### Dataset content:
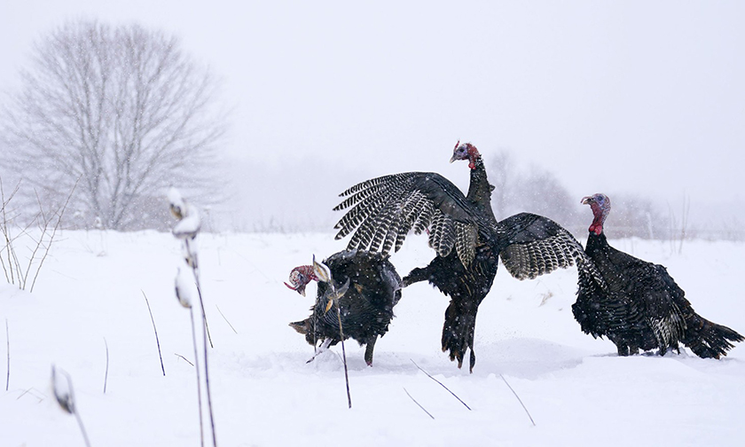 Дикие индюки во время снежной бури в Ист-Дерри, штат Нью-Хэмпшир (США) 7 января 2022 года. Фото: Charles Krupa / AP Photo
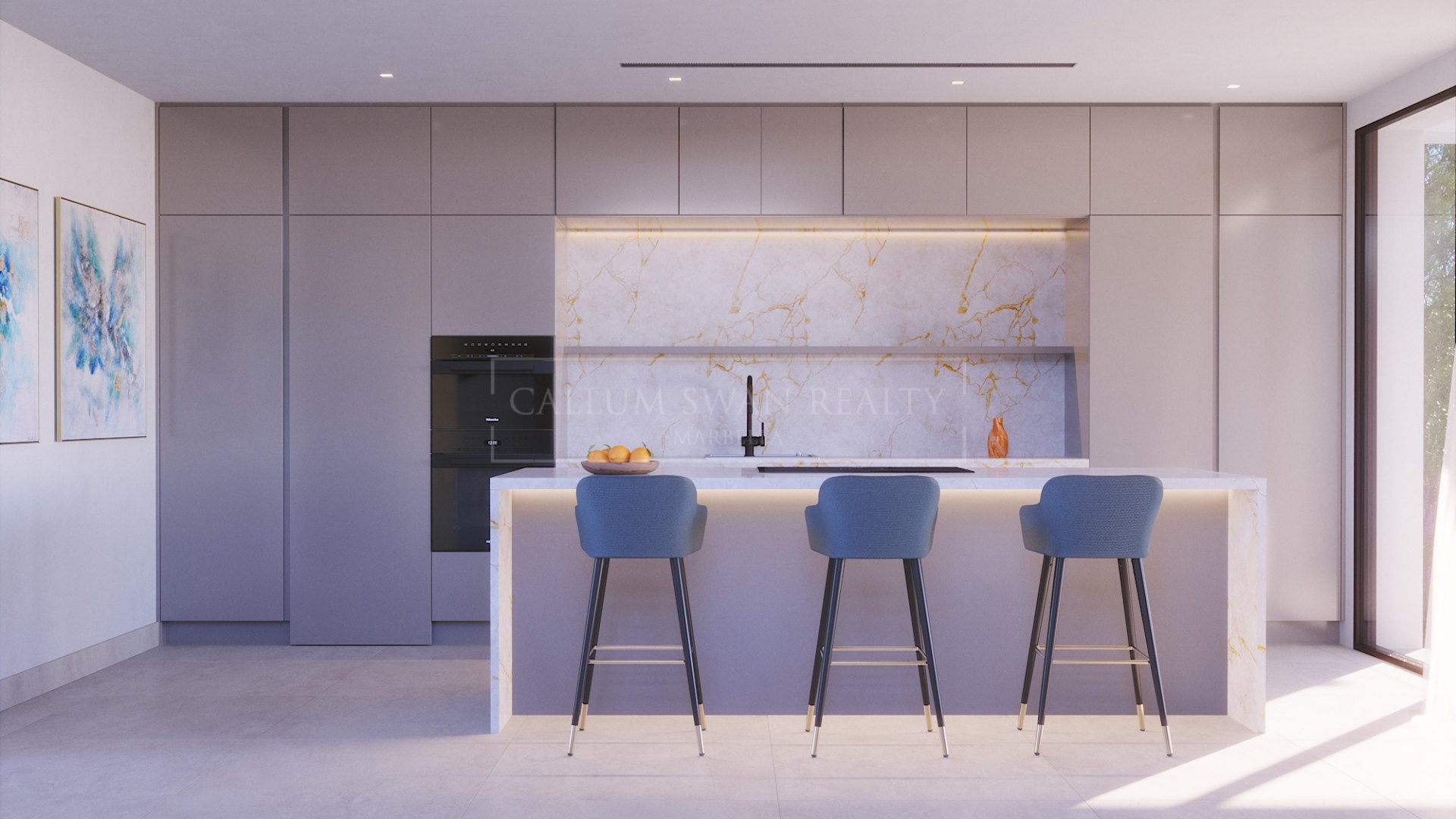 La villa de tres niveles está en construcción y está prevista su finalización para finales de 2026. El proyecto ha sido diseñado para integrar la arquitectura con el paisaje circundante mediante una planificación cuidadosa, materiales y tecnología moderna. La planta baja ofrece un área de salón y comedor de concepto abierto con una cocina totalmente equipada con electrodomésticos Miele. Los techos altos y los grandes ventanales correderos maximizan la luz natural y se abren al exterior. Este nivel también incluye un dormitorio de invitados con baño en suite, un lavadero y un aseo para invitados.
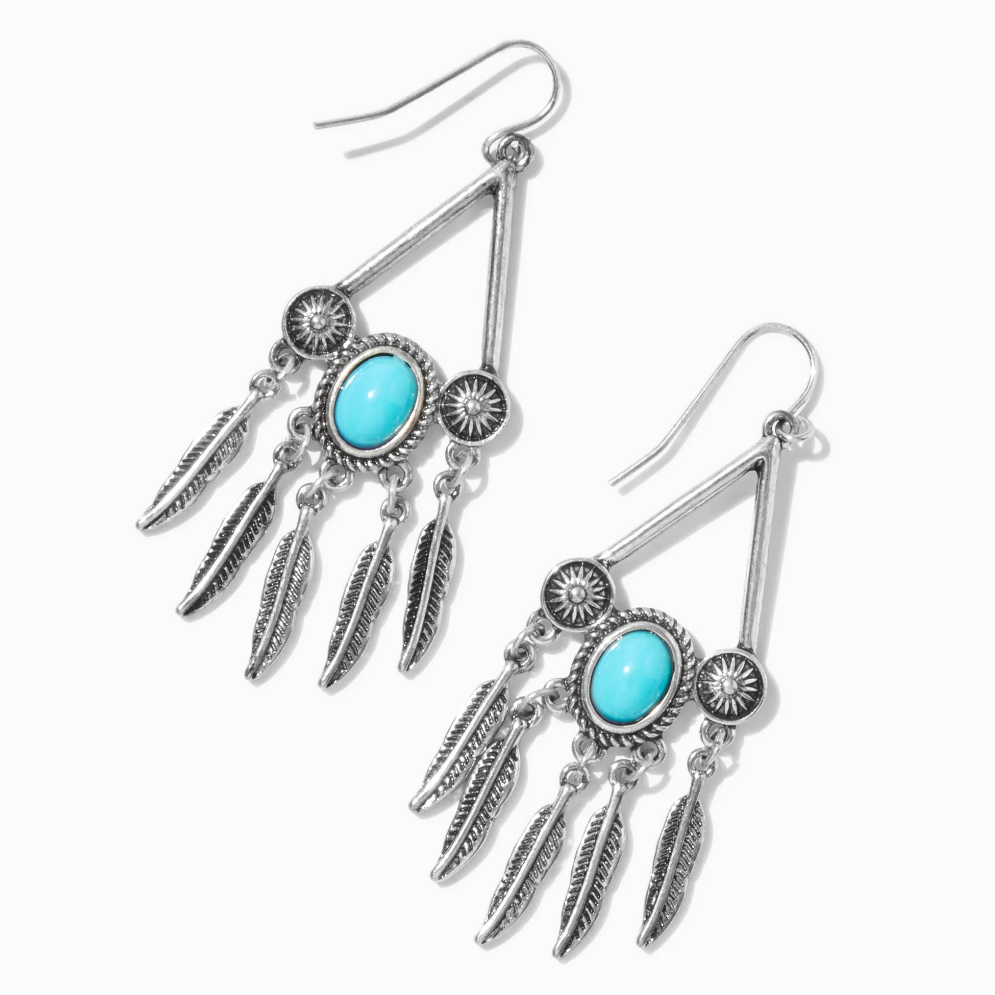 Laisse ton côté cowgirl s’exprimer à travers ces pendantes couleur argentée. Elles arborent un design triangulaire avec des éléments en turquoise d’imitation.

### Task statement:
Each line of the material above should be set down exactly, with no pictures.

### Answer box:
 Дикие индюки во время снежной бури в Ист-Дерри, штат Нью-Хэмпшир (США) 7 января 2022 года. Фото: Charles Krupa / AP Photo
 La villa de tres niveles está en construcción y está prevista su finalización para finales de 2026. El proyecto ha sido diseñado para integrar la arquitectura con el paisaje circundante mediante una planificación cuidadosa, materiales y tecnología moderna. La planta baja ofrece un área de salón y comedor de concepto abierto con una cocina totalmente equipada con electrodomésticos Miele. Los techos altos y los grandes ventanales correderos maximizan la luz natural y se abren al exterior. Este nivel también incluye un dormitorio de invitados con baño en suite, un lavadero y un aseo para invitados.
 Laisse ton côté cowgirl s’exprimer à travers ces pendantes couleur argentée. Elles arborent un design triangulaire avec des éléments en turquoise d’imitation.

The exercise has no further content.